__Your task__
In the entries below, begin at the line that has "The small cabin" and stop after the line that has "CAMA DE ARROZ"; output those lines exactly, leaving out pictures.

__Material provided__
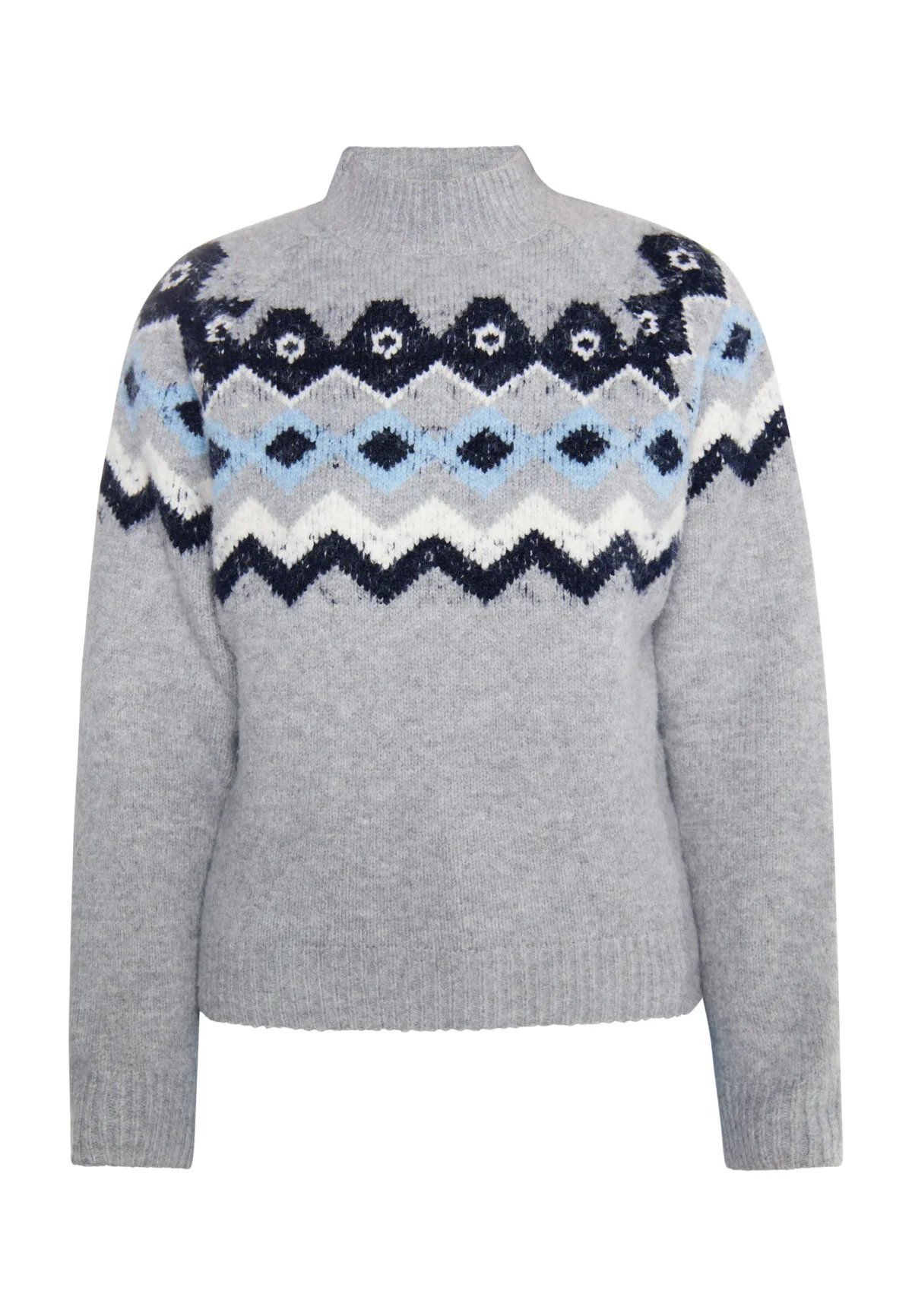 Ook een klassieker is dit winterseizoen erg populair: de Noorse trui. Het typische patroon bij DreiMaster Maritim is gemaakt van een zachte garenmix met elastaan en heeft een oversized pasvorm met raglanmouwen. Het ontwerp volgt de kenmerkende Noorse regel: niet meer dan drie kleuren in één trui. Gebreide trui
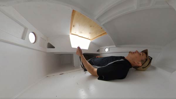 The small cabin provides a cosy space for two or plenty of space for one sailor. The cockpit is really big so this boat is surprisingly spacey for its size.
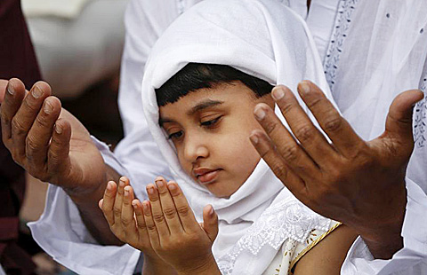 Palestinian children celebrate Eid al-Fitr in refuge camp
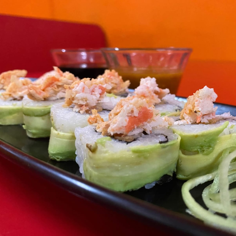 CAMA DE ARROZ POR FUERA, 3 CAMARONES, QUESO PHILADELPHIA, PEPINO RALLADO, CON CAPAS DE AGUACATE POR FUERA, INCLUYE SALSA DULCE Y ADEREZO CHIPOTLE
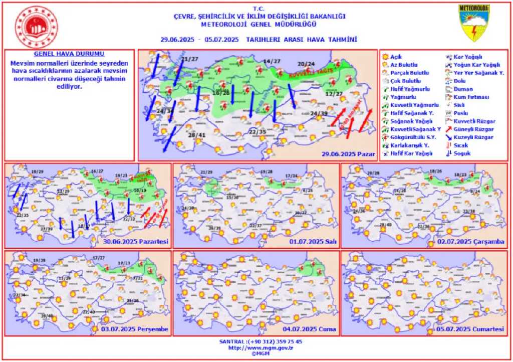 Hava sıcaklığının Karadeniz'de mevsim normallerinin 1-3 derece altında, iç kesimlerde normalleri civarında, diğer yerlerde normallerinin üzerinde seyretmesi bekleniyor.
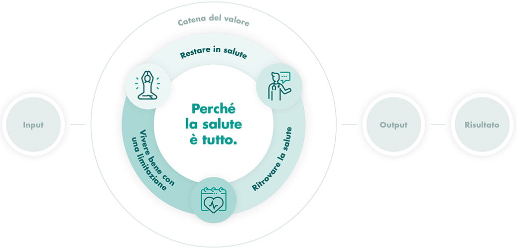 Sosteniamo la nostra clientela affinché rimanga in salute il più a lungo possibile, promuovendo uno stile di vita sano e svolgendo un ruolo attivo nella prevenzione delle malattie. In caso di malattia, aiutiamo le persone a definire il loro percorso di cura e incentiviamo la cooperazione attraverso stretti rapporti di partnership con i fornitori di prestazioni. Ne risulta un’assistenza medica efficiente e di alta qualità, nonché una riduzione dei casi di prestazioni sanitarie inopportune, eccessive o insufficienti. A beneficiarne sono soprattutto le persone interessate e i loro cari, ma anche il settore sanitario, la società e l’ambiente.
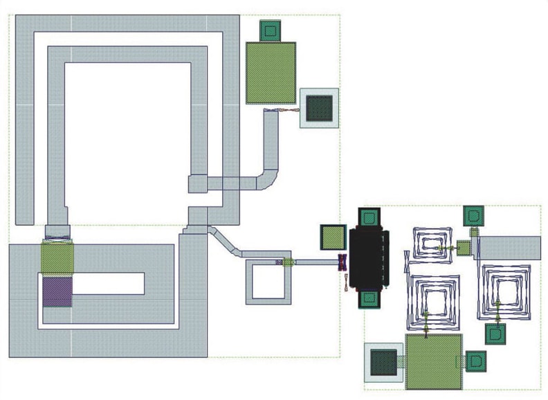 A preliminary ideal transmission line input matching circuit provided good performance from 2 to 7 GHz. The ideal input matching elements were replaced with MMIC components resulting in two relatively large inductors. Next, the folded, spiral, coupled line required electromagnetic (EM) simulation to verify its performance. A pseudo layout of the full one-stage, 1.2-mm, 2- to 8-GHz power amplifier is shown in Figure 2; note the large area required for the broadband input match.
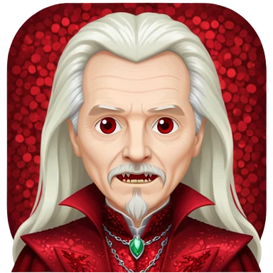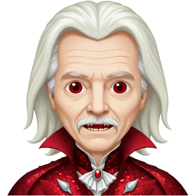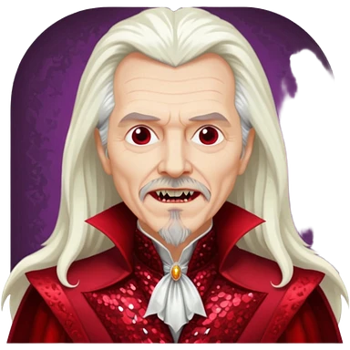 Gary Oldman as Dracula with long white hair, dark red sequin outfit, without glasses emoji
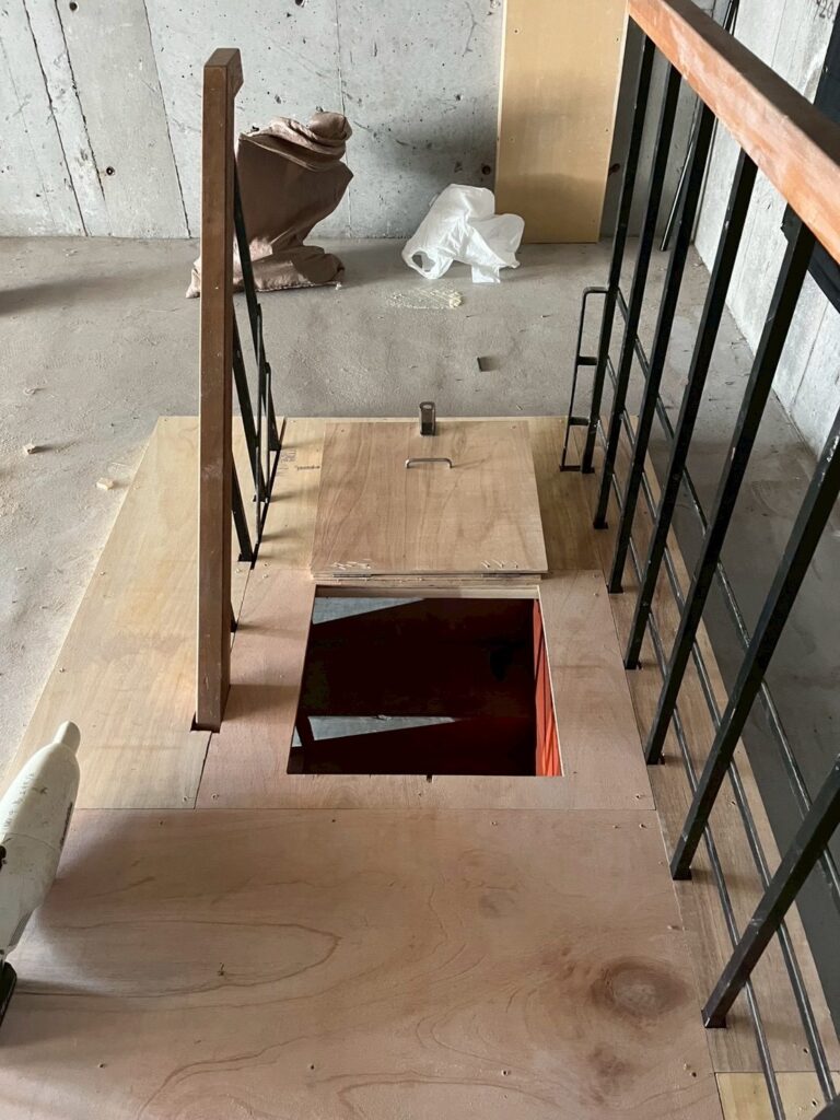 点検や万が一の際には、オーナー様が開閉できるよう、簡易的な侵入口を造作しました。
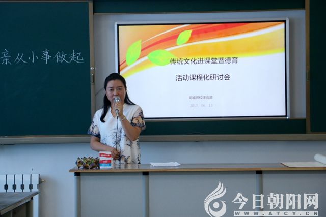 6月13日,集中進行了研討、交流活動。開展了“國學進課堂暨德育活動課程化研討會”。來自全區(qū)中小學的德育副校長及部分班主任,以及朝陽市教師進修學院德育部相關人員近百人參加了此次研討活動。
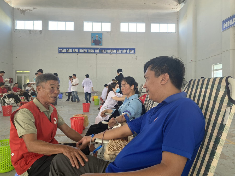 Ảnh: đồng chí Lê Văn Du – Chủ tịch Hội chữ thập đỏ huyện, thăm hỏi tình nguyện viên hiến máu.

__Answer space__
 The small cabin provides a cosy space for two or plenty of space for one sailor. The cockpit is really big so this boat is surprisingly spacey for its size.
 Palestinian children celebrate Eid al-Fitr in refuge camp
 CAMA DE ARROZ POR FUERA, 3 CAMARONES, QUESO PHILADELPHIA, PEPINO RALLADO, CON CAPAS DE AGUACATE POR FUERA, INCLUYE SALSA DULCE Y ADEREZO CHIPOTLE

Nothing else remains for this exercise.